A screenshot of the game's second phase — the chat.

Operating in the space of "games for change" or advocacy, DigitalDiary2014 was designed to prompt reflection on how we perceive the lives and wellbeing of others through their social media posts. It is designed primarily to prompt reflection among young adults who were active on content-driven social platforms like Tumblr in the mid-2010s. Through nostalgic cultural references and branching narratives determined by the players’ curiosity and engagement, the game asks players to reflect on the way they perceive their friends’ lives and wellbeing online.
In the first phase of the game, players will explore the blogs of three characters, learning about their interests and cultural backgrounds. Once they are finished, they will choose one character that they’d like to interact with, proceeding into an instant messaging conversation. The conversations are designed to challenge players’ assumptions based on the static content they encountered previously.
Project Goals
The game is designed in hopes that players come away with three key understandings:
Surface-level online depictions of people’s lives are often very distorted. When cultural norms on many sites encourage people to only discuss negative things in very specific ways, it’s easy for it to seem like someone is doing well when they are not.
Communication norms are heavily culturally-specific. A perfectly average statement can come off as insensitive, over-dramatic, or confusing to someone in a different part of the world, especially if one or both parties aren’t speaking their native language.
There are serious pros and cons to high levels of internet-community engagement. Many online communities allow youth with poor social support in their physical environments to meet people who share the same niche interests and past experiences as they do. These communities can become lifelines for this reason, however, many social networks are designed in a way that encourages addiction and attention-seeking behaviour that can be harmful.
The content in the blog demo takes inspiration from trends in Tumblr blog design from this era along with fan-art culture. All graphics and images for the game are illustrated in a digital, cell-shaded style influenced by comics and sequential art. These images mimic the style of a popular style of fan-art along with the comics that have launched some of the world’s largest fandoms.
At moments, the blog references cultural moments from the era such as this animated illustration inspired by this iconic quote from the Captain America: Civil War press tour in 2016.
The chat demo is designed to follow the standard visual conventions of instant messaging apps while complying with the restrictions of the script that governs the interactivity.
While the full game would feature three characters, the demo focuses on one, Ioana. The blog demo features seven posts that reveal some of her interests and real-life struggles, whereas the chat demo focuses on a discussion about her college plans falling through at the last minute. This premise was chosen because it reflects a common problem faced by young adults across cultures, and it can develop into deep conversations about identity and loss or stay relatively surface-level depending on the player's choices. 
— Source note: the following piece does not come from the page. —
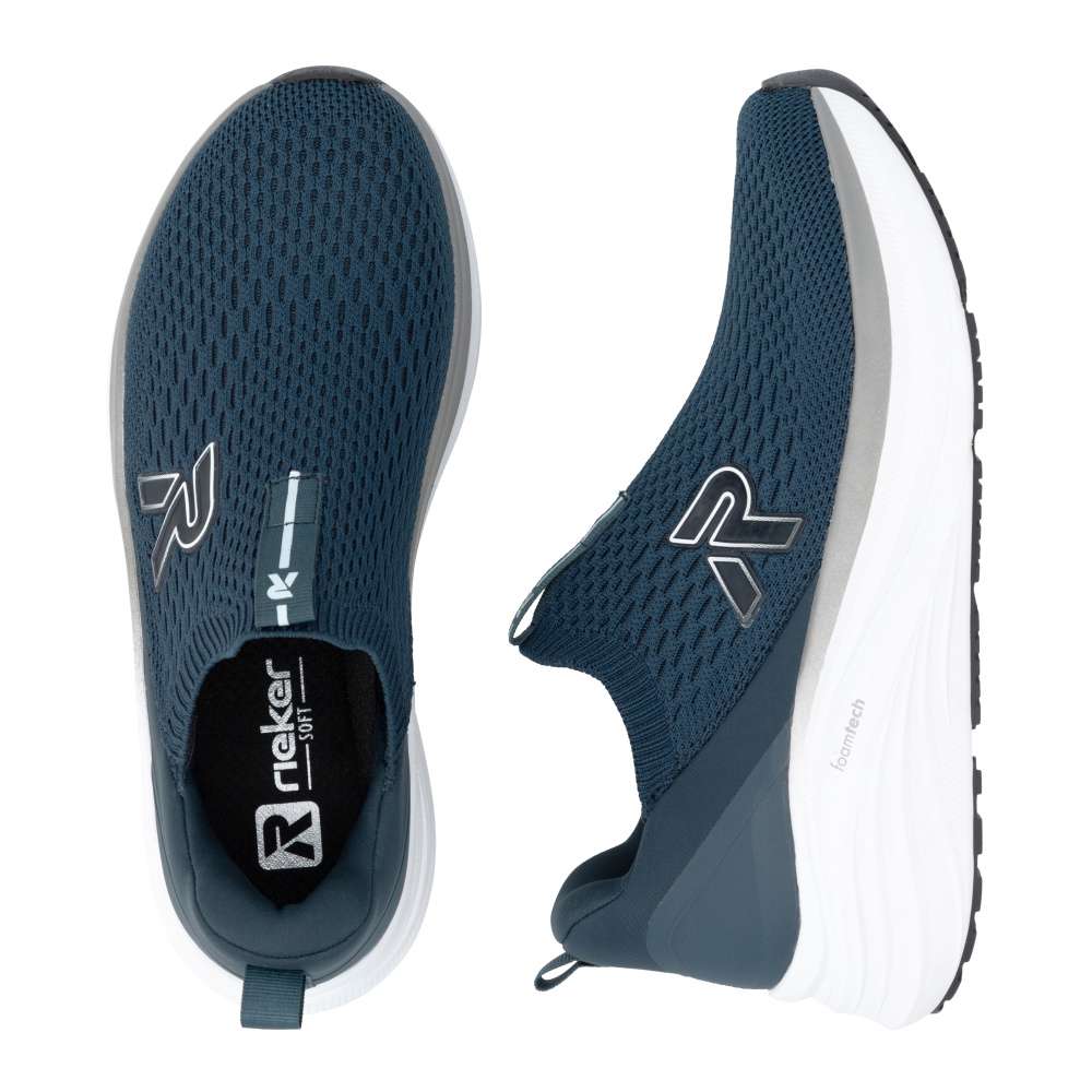 Jednoduše obujte a vyrazte do nového dne v těchto pánských teniskách RIEKER, které spojují maximální pohodlí s moderním a atraktivním designem. Tmavě modrý svršek z působivé kombinace materiálů doplňuje výrazné logo značky, které dotváří jedinečný design a vystihuje originalitu. Textilní materiál v přední části boty se přirozeně přizpůsobí tvaru nohy, což zajišťuje pohodlné a stabilní nošení bez nepříjemného tlaku, přičemž vyniká také lehkostí a výbornou prodyšností. Každý váš krok bude doprovázet měkká, vyjímatelná stélka, která poskytuje komfort během celého dne. Moderní podešev nejen podtrhuje originální vzhled boty, ale zároveň účinně tlumí nárazy a zajišťuje stabilitu při chůzi. Ideální volba obutí pro muže, kteří chtějí zaujmout stylem, ale zároveň si potrpí na pohodlí a funkčnost v každé situaci. Dokonalá souhra moderního vzhledu a maximálního pohodlí díky funkčním technologiím to jsou boty RIEKER Sport.

A visualisation of every possible path in the chat demo. There are three core endings (good, bad, and neutral), but twenty different routes through the demo with 76 possible choices. 

Players' performance is measured in two variables: trust and fail. They earn trust for choosing person-centred responses in line with research on peer support in computer-mediated communication, while fails occur when a player chooses a dialog option that is offensive. Players who reach trust > 3 before the key breakpoint will receive a good ending and players who have any fails will receive a bad ending. Those who do not reach trust > 3 but also have no fails receive a neutral ending.

A screenshot of the Tumblr theme editor on Ioana's blog.

The blog demo is published on Tumblr with a customised CSS theme. Posts were published directly to Ioana's blog or through dummy blogs, allowing them to appear as something she reblogged rather than posting herself.

A screenshot of the chat demo in Inky. On the left is the code and on the right a live preview of the game.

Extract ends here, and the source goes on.